Task prompt:
Without the images, reproduce each line of the material exactly.

[Records for the exercise Boundary: Start]

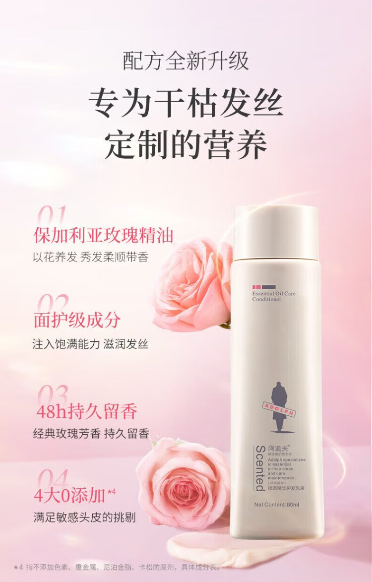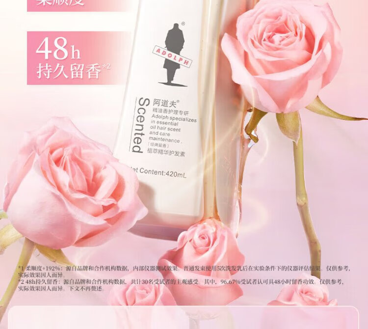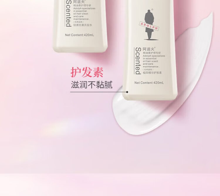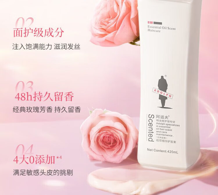 ADOLPH Rose Fragrance Essential Oil Conditioner Essence Repairing and Smoothing Conditioner Travel Pack Dry and Frizzy Hair Mask Plant Extract Repairing Conditioner 420ml*1 bottle
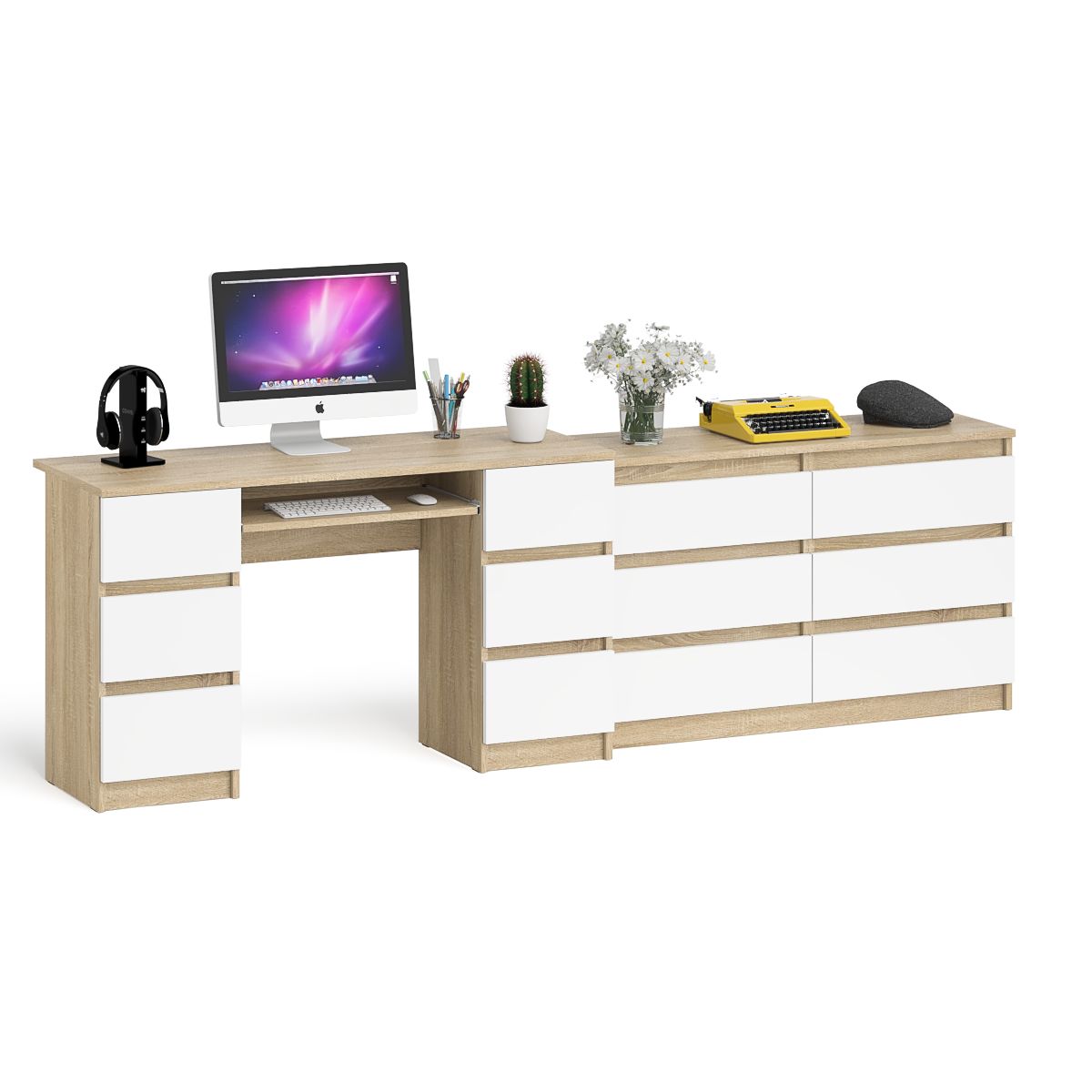 Отзывы о Столплит Комод Мори на шесть ящиков МК1200.6 и Стол компьютерный 2-х тумбовый Мори МС-2 Дуб Сонома, Белый
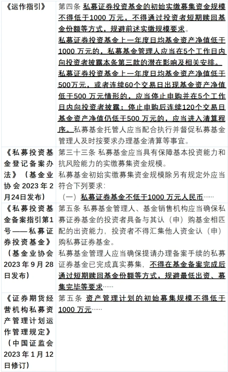 《运作指引》第四条重申了初始实缴募集资金规模不得低于1000万元和不得通过投资者短期赎回基金份额等方式规避实缴规模要求的规定。如上方表格所示,(部分)类似规定此前可见于《证券期货经营机构私募资产管理计划运作管理规定》《私募投资基金登记备案办法》《私募投资基金备案指引第1号——私募证券投资基金》等文件。
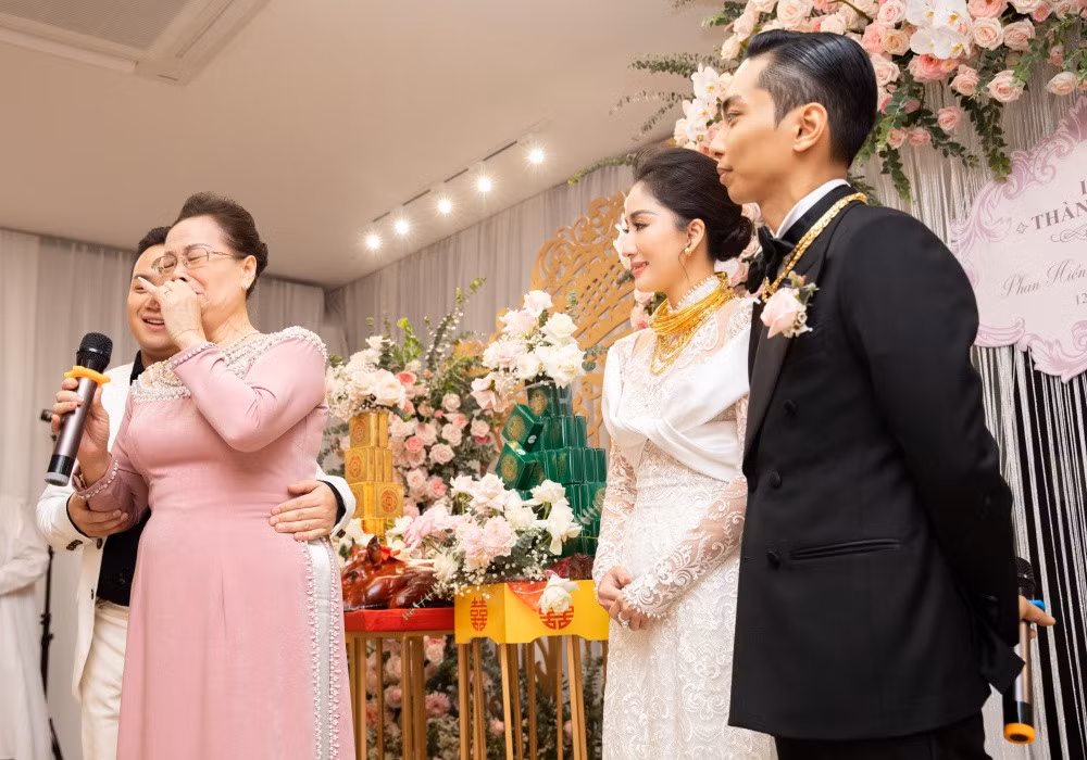 Bà cũng dành của hồi môn cho Khánh Thi là 12 cây vàng với mong muốn vợ chồng cô làm vốn kinh doanh và tiếp tục xây dựng tổ ấm hạnh phúc sau này.
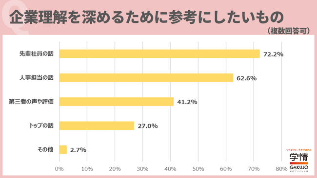 企業理解を深めるために参考にしたいものは、「先輩社員の話」が72.2%で最多。次いで、「人事担当の話」62.6%、「第三者の声や評価」41.2%が続きました。「入社後、先輩上司になる方の話を聞きたい」「実際に働いている人の声が、1番企業のリアルを知れると思う」といった声が上がっています。
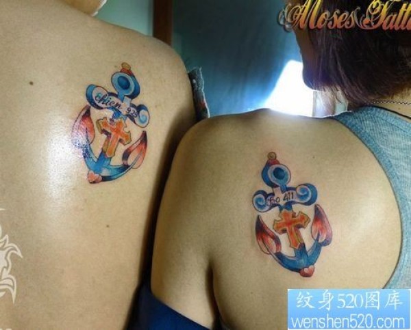 肩背一幅精美的情侣船锚纹身图片_情侣纹身图案大全_纹身图吧

[Records for the exercise Boundary: End]

Response:
 ADOLPH Rose Fragrance Essential Oil Conditioner Essence Repairing and Smoothing Conditioner Travel Pack Dry and Frizzy Hair Mask Plant Extract Repairing Conditioner 420ml*1 bottle
 Отзывы о Столплит Комод Мори на шесть ящиков МК1200.6 и Стол компьютерный 2-х тумбовый Мори МС-2 Дуб Сонома, Белый
 《运作指引》第四条重申了初始实缴募集资金规模不得低于1000万元和不得通过投资者短期赎回基金份额等方式规避实缴规模要求的规定。如上方表格所示,(部分)类似规定此前可见于《证券期货经营机构私募资产管理计划运作管理规定》《私募投资基金登记备案办法》《私募投资基金备案指引第1号——私募证券投资基金》等文件。
 Bà cũng dành của hồi môn cho Khánh Thi là 12 cây vàng với mong muốn vợ chồng cô làm vốn kinh doanh và tiếp tục xây dựng tổ ấm hạnh phúc sau này.
 企業理解を深めるために参考にしたいものは、「先輩社員の話」が72.2%で最多。次いで、「人事担当の話」62.6%、「第三者の声や評価」41.2%が続きました。「入社後、先輩上司になる方の話を聞きたい」「実際に働いている人の声が、1番企業のリアルを知れると思う」といった声が上がっています。
 肩背一幅精美的情侣船锚纹身图片_情侣纹身图案大全_纹身图吧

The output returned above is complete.